REQUIRED ACTION:
Word for word, copy the line containing "小さいスーパーボールをスプーンですくいます(*^^*)" and every line after it in the records below, leaving pictures out.

╭─ SOURCE RECORDS

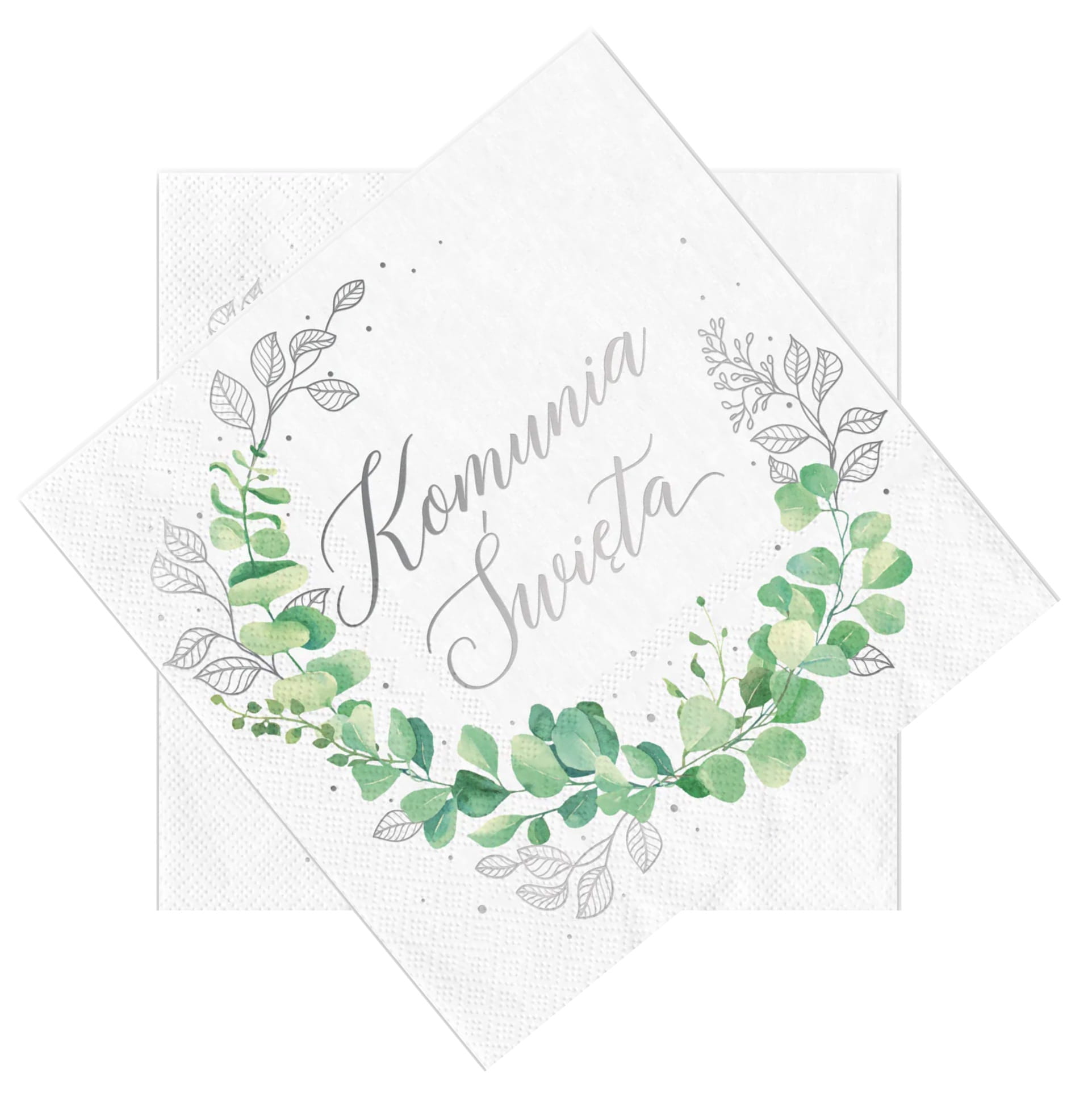 Serwetki KOMUNIA ŚWIĘTA papierowe na Komunię zielono srebrne Gałązki 10szt
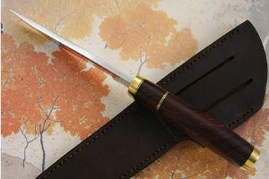 The warm toned cocobolo is nicely complimented by brass fittings. Alternating brass and black fiber spacers allow the handle to adjust to changes in temperature and humidity. The brass guard and butt cap create a perfect balance in the hand.
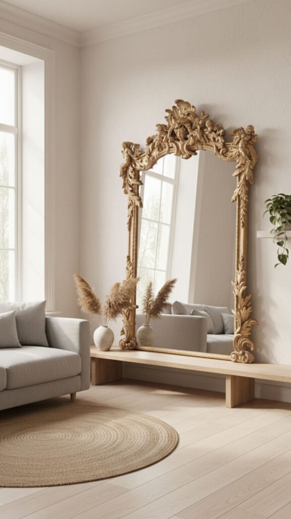 Mirrors are a classic apartment hack for making rooms feel larger and brighter. A large mirror with a vintage frame does this while adding a touch of old-world glamour. It reflects both natural light and your carefully chosen decor.
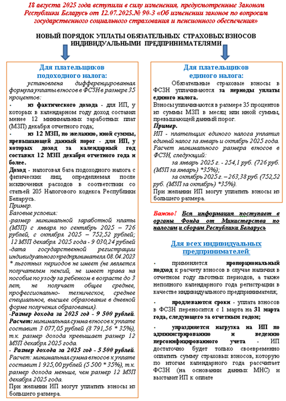 С 18 августа 2025 года в Беларуси уже действует новый порядок уплаты обязательных страховых взносов для индивидуальных предпринимателей. Изменения касаются расчета взносов для плательщиков подоходного налога, сроков уплаты и снятия с ИП обязанности вести персонифицированный учет.
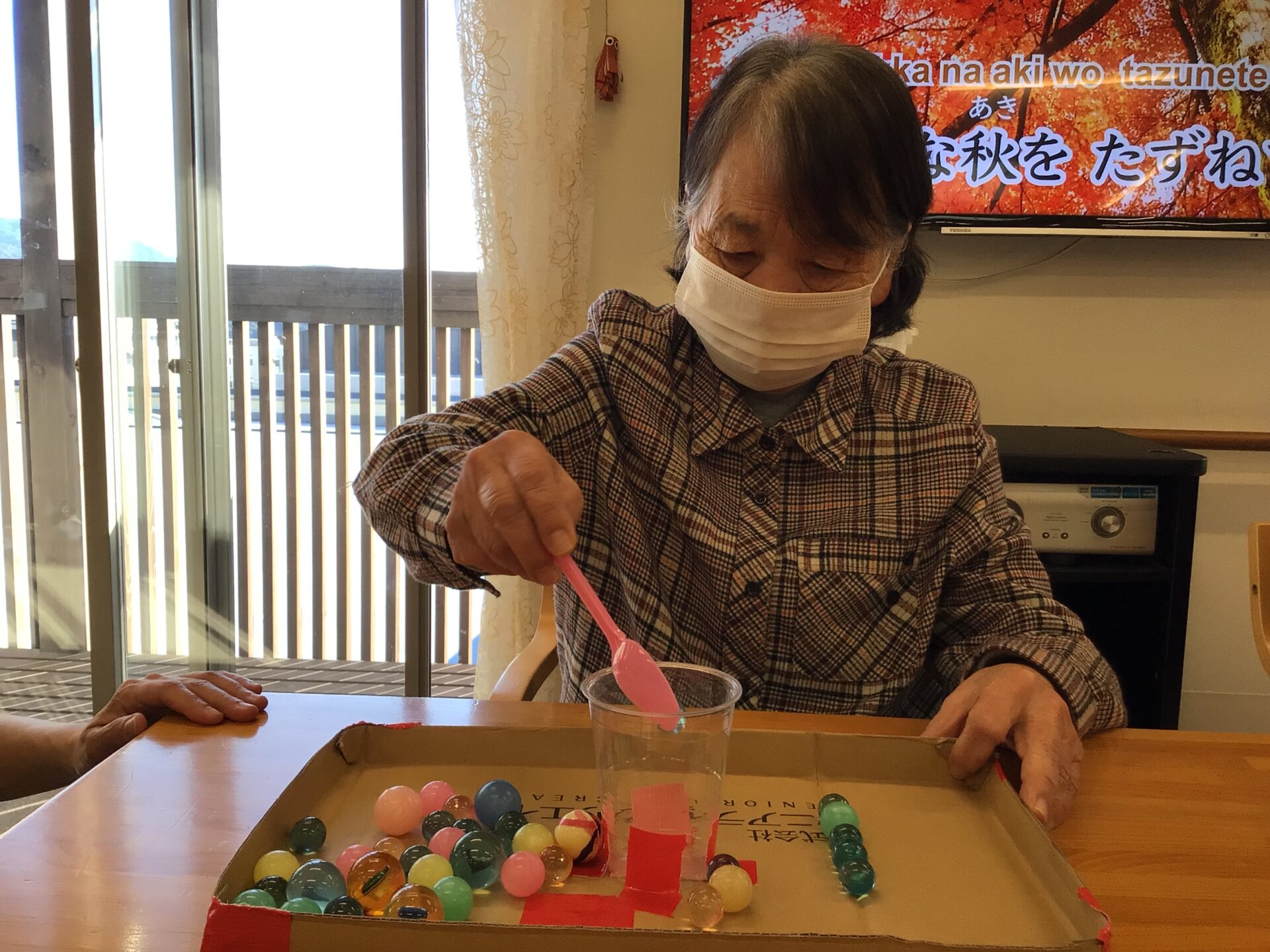小さいスーパーボールをスプーンですくいます(*^^*)
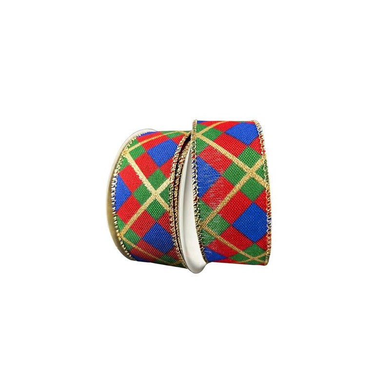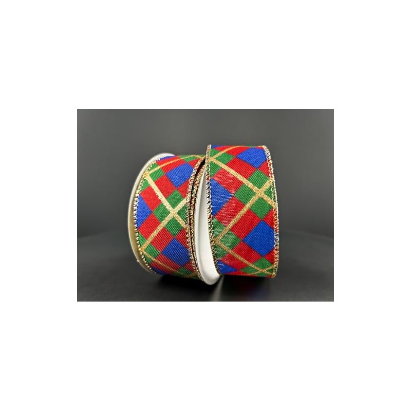 - DIMENSIONS: 1.5 inch wide ribbon with wired edges spans 10 yards in length, featuring a festive plaid pattern in red, blue, green, and metallic gold accents

╰─

ANSWER TO THE EXERCISE:
小さいスーパーボールをスプーンですくいます(*^^*)
 - DIMENSIONS: 1.5 inch wide ribbon with wired edges spans 10 yards in length, featuring a festive plaid pattern in red, blue, green, and metallic gold accents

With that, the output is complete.